_Task goal_:
From the entries below, print exactly the span beginning with the line holding "李時珍の歯茎の萎縮スプレーの" and ending with the line holding "This sweet, vintage", endpoints included, and skip any pictures.

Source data
▬▬▬

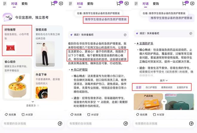 我在测试“省心组合”模块时,AI会依据模块封面图直接生成推荐指令,例如“推荐学生宿舍必备的急救护理套装”。
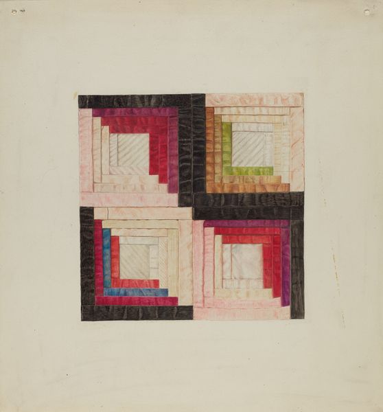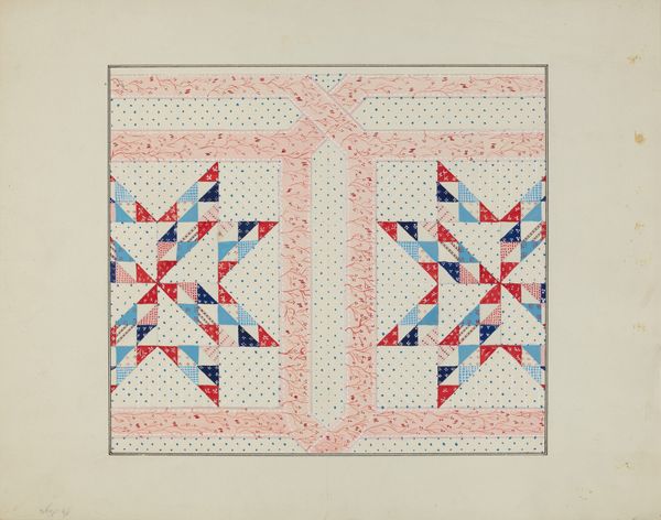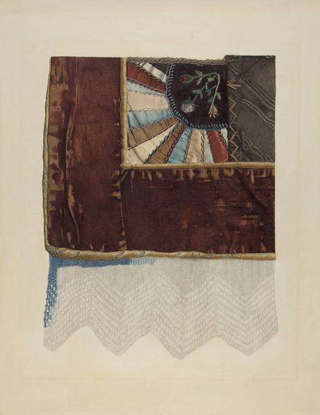 Editor: This is Ann Gene Buckley's "Colonial Pocket," made around 1936, a watercolor and textile piece. It looks like a drawing of a patchwork apron. The mix of patterns is really intriguing. What do you see in this piece? Curator: I am immediately drawn to the construction of the composition. Buckley uses a patchwork design, ostensibly of textile squares, but renders them in watercolor, thereby creating a layered experience for the viewer. Consider the tensions created by the flat rendering against the expectation of textile texture. The implied domesticity juxtaposed with its delicate execution on paper opens lines of inquiry. Editor: It’s like she’s playing with our expectations of what the materials should be, how the final product should look. Why watercolour? Curator: Indeed. Notice also the artist's choices regarding line and form. The lines are deliberately naive, lacking the precise contouring we might expect, furthering its unique, handcrafted essence. It is critical to view these design elements and deliberate material uses through a Formalist lens in order to discern Buckley’s strategy. Editor: So, focusing on how she used materials, color, and form, regardless of its domestic function, tells us what she may be trying to convey. It’s less about what the image represents and more about how it is made. I hadn't thought about it like that! Curator: Precisely. Analyzing how Buckley manipulated these pictorial strategies to emphasize flatness, craft, and the deconstruction of an historical feminine form opens valuable insights into art production, even if we acknowledge further avenues for discussion. Editor: Thanks for that perspective. I think I understand the formalist approach better now!
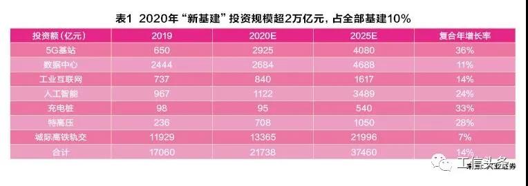 5月份,海通证券公开发布的研报认为,预计2020年新基建投资规模达3万亿元左右,新基建7大领域的投资同比增速均在两位数以上。
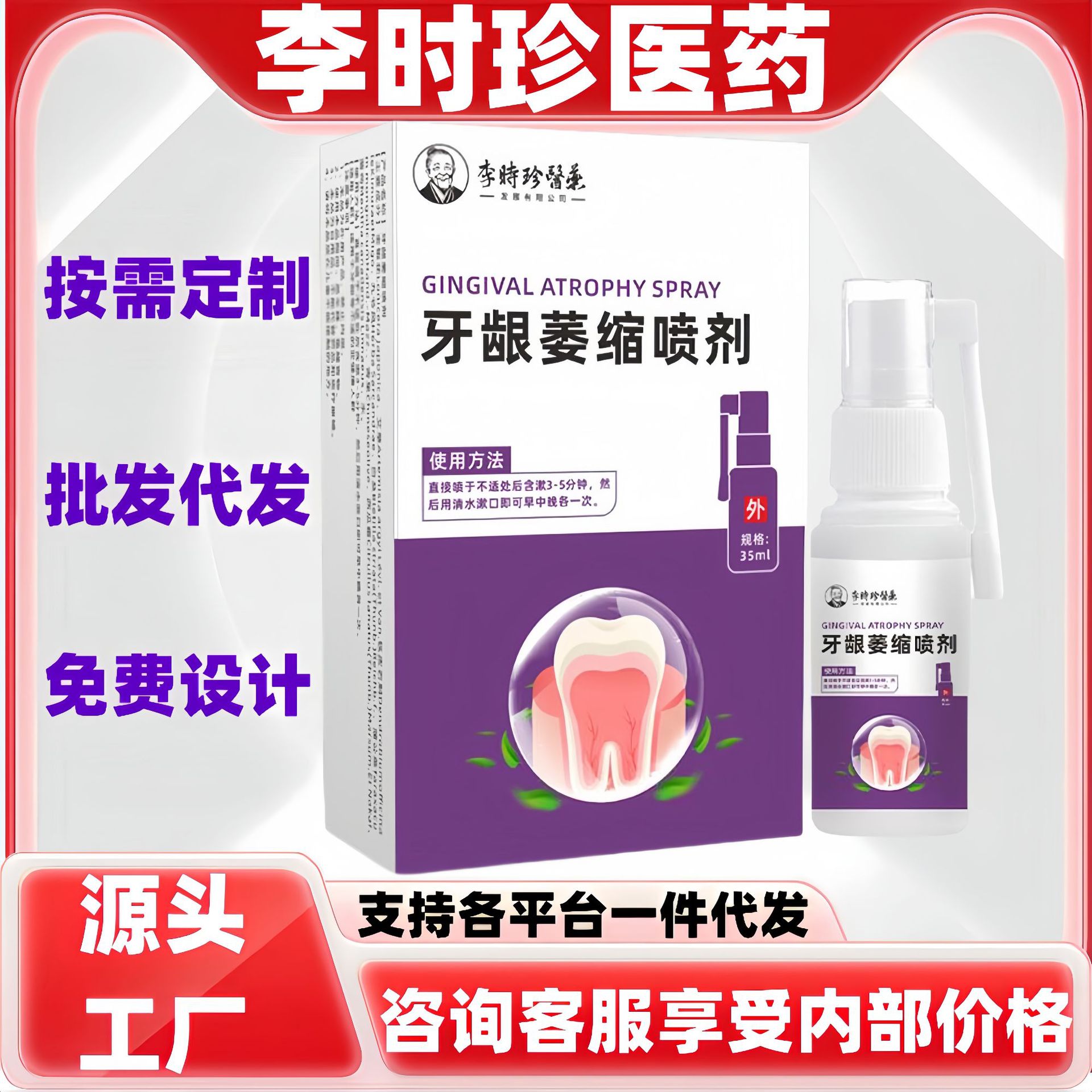 李時珍の歯茎の萎縮スプレーの現物の正規品の公式の旗艦店は代行して大量の価格の優電商の爆発金を卸売りします。
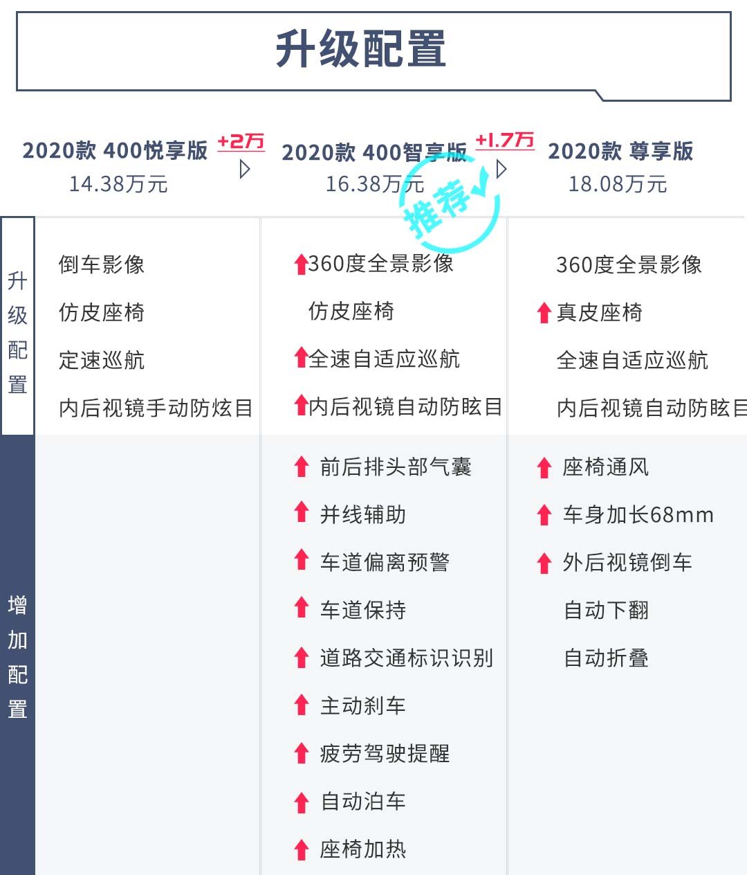 小鹏G3的400km续航和520km续航版分别各有三个配置,悦享版、智享版和尊享版。悦享版的基础配置已经非常高,但是一些自动驾驶方面传感器的缺失会让这台车无法享受迭代带来新功能,这恰恰是小鹏G3最吸引的地方,所以不推荐这个版本。
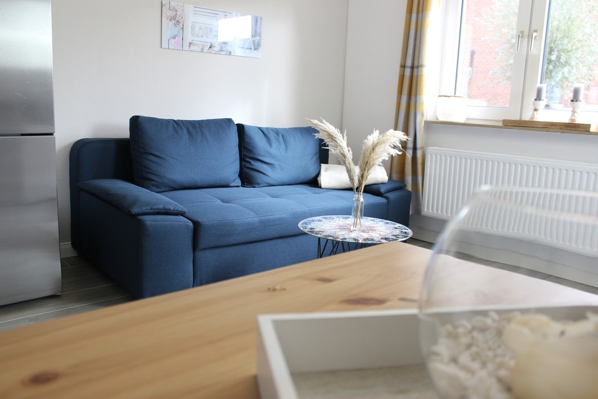 The city of Leer is also called the "Gateway to East Frisia" and has about 35,000 inhabitants. There are numerous leisure, recreational and adventure opportunities. There is a pedestrian zone, a harbor and a beautiful old town. It is only 50 meters to the East Frisian hiking trail. There are 2 bedrooms and a sofa bed. We shall supply a travel cot on request. Included in the price are bed linens, towels and cleaning supplies. Amenities: hair dryer, toaster, coffee maker, kettle, etc.
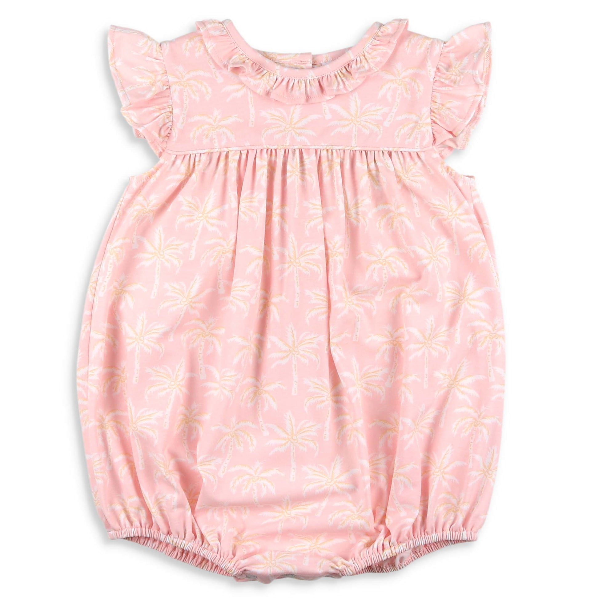 This sweet, vintage style, baby girls bubble and toddler girls bubble, features a white palm tree print on pink, cotton fabric with a ruffle collar, angel ruffle sleeves, and a piping trimmed bodice all making this outfit as fun as it is cute!
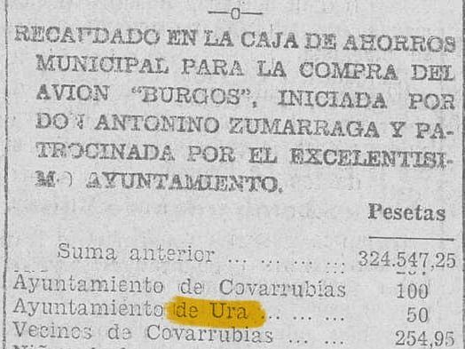 Recaudado en la Caja de Ahorros Municipal para la compra del avión "Burgos" [...]: Ayuntamiento de Ura, 50 pesetas.

▬▬▬

_Output of the exercise_:
 李時珍の歯茎の萎縮スプレーの現物の正規品の公式の旗艦店は代行して大量の価格の優電商の爆発金を卸売りします。
 小鹏G3的400km续航和520km续航版分别各有三个配置,悦享版、智享版和尊享版。悦享版的基础配置已经非常高,但是一些自动驾驶方面传感器的缺失会让这台车无法享受迭代带来新功能,这恰恰是小鹏G3最吸引的地方,所以不推荐这个版本。
 The city of Leer is also called the "Gateway to East Frisia" and has about 35,000 inhabitants. There are numerous leisure, recreational and adventure opportunities. There is a pedestrian zone, a harbor and a beautiful old town. It is only 50 meters to the East Frisian hiking trail. There are 2 bedrooms and a sofa bed. We shall supply a travel cot on request. Included in the price are bed linens, towels and cleaning supplies. Amenities: hair dryer, toaster, coffee maker, kettle, etc.
 This sweet, vintage style, baby girls bubble and toddler girls bubble, features a white palm tree print on pink, cotton fabric with a ruffle collar, angel ruffle sleeves, and a piping trimmed bodice all making this outfit as fun as it is cute!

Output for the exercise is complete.